**Source data:**
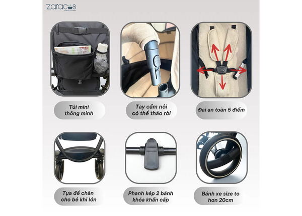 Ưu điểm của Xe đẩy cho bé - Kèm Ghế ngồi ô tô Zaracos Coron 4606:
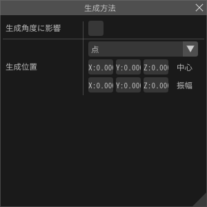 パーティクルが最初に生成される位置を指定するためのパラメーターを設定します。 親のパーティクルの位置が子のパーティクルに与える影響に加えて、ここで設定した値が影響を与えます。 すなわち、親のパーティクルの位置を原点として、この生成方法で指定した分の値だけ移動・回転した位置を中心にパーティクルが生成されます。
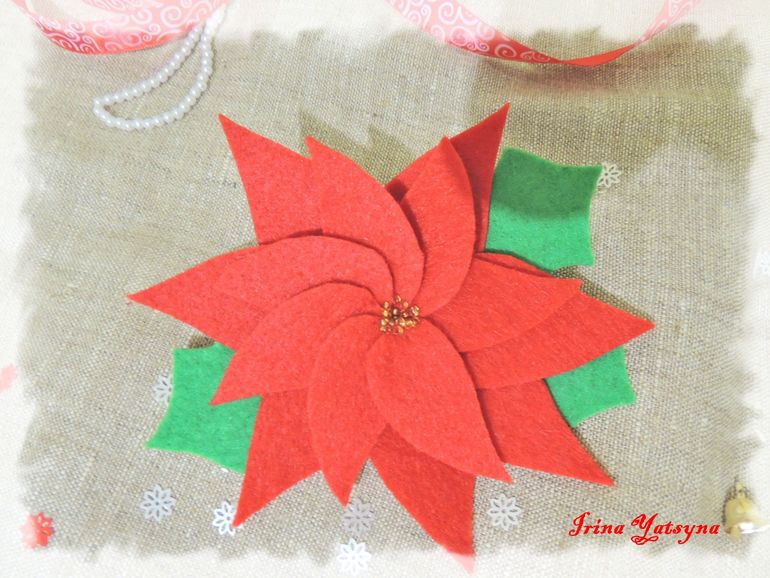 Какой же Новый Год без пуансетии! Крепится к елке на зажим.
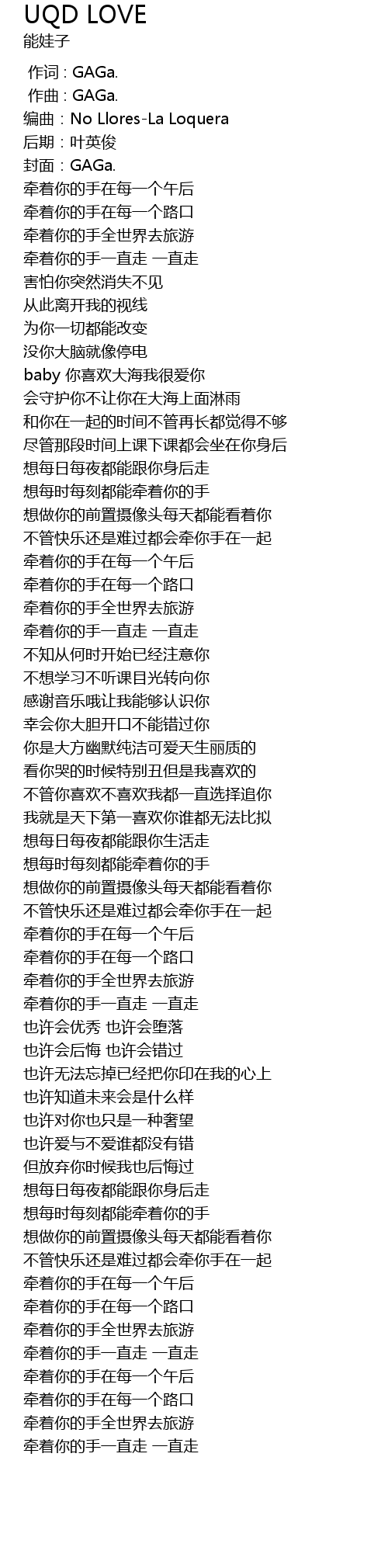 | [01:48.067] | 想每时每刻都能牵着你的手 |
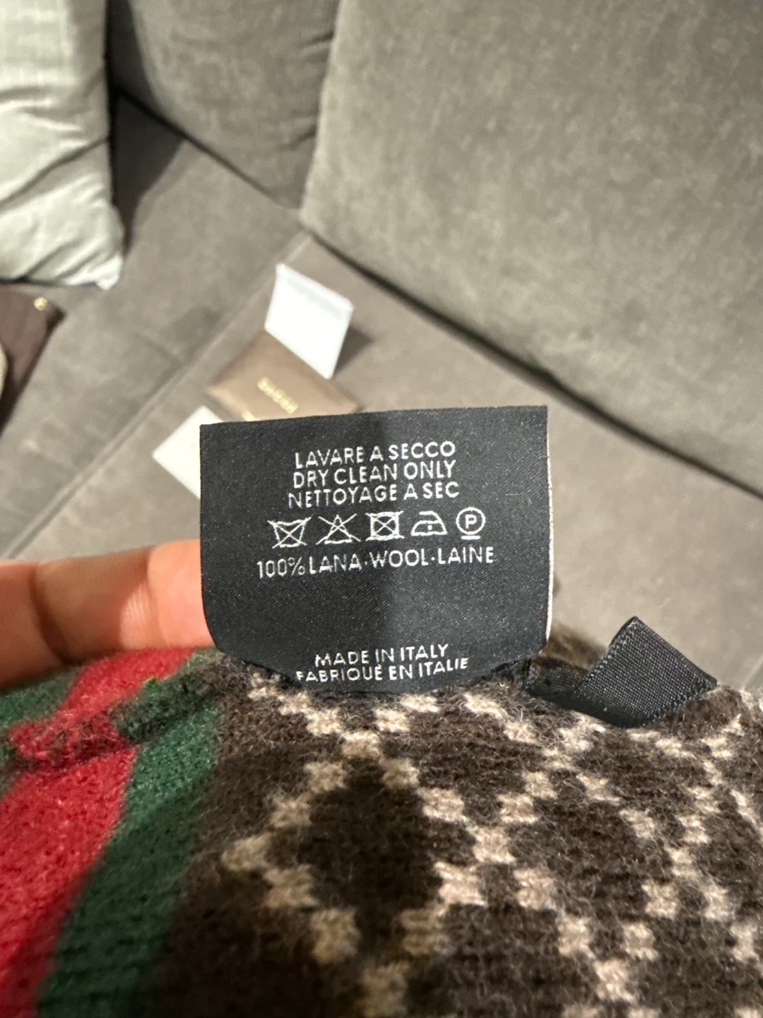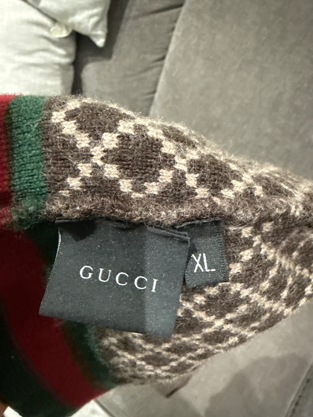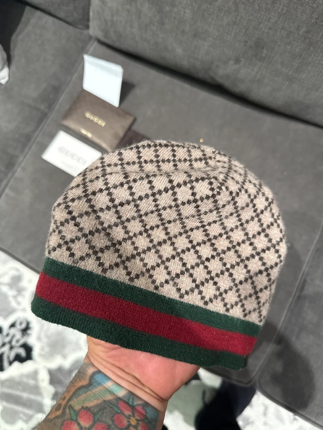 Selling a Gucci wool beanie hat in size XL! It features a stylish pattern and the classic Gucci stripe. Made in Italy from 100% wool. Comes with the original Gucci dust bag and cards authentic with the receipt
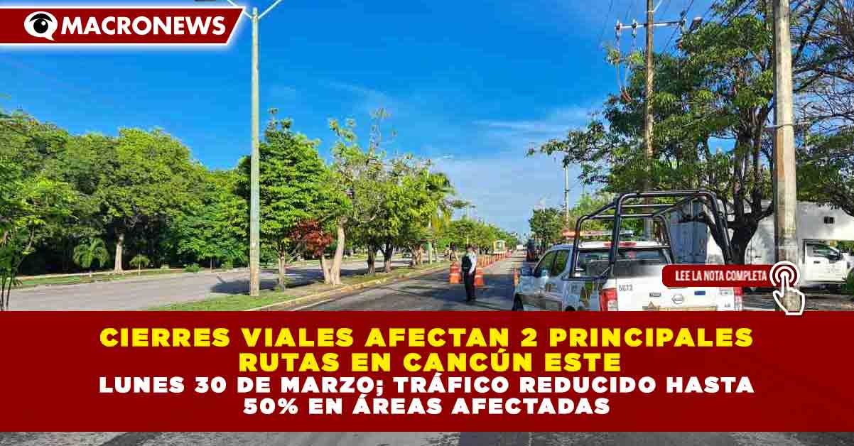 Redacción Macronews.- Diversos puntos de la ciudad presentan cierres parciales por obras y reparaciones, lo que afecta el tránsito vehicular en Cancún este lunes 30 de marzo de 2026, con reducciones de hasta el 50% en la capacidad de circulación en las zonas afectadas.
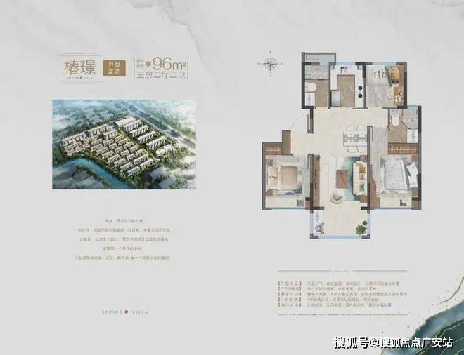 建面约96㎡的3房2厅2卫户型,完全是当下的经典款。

**Exercise directions:** What you need to retype is every line from the one that has "Какой же Новый" through the last line of the listing, both included, with the pictures left out.

**Your solution:**
 Какой же Новый Год без пуансетии! Крепится к елке на зажим.
 | [01:48.067] | 想每时每刻都能牵着你的手 |
 Selling a Gucci wool beanie hat in size XL! It features a stylish pattern and the classic Gucci stripe. Made in Italy from 100% wool. Comes with the original Gucci dust bag and cards authentic with the receipt
 Redacción Macronews.- Diversos puntos de la ciudad presentan cierres parciales por obras y reparaciones, lo que afecta el tránsito vehicular en Cancún este lunes 30 de marzo de 2026, con reducciones de hasta el 50% en la capacidad de circulación en las zonas afectadas.
 建面约96㎡的3房2厅2卫户型,完全是当下的经典款。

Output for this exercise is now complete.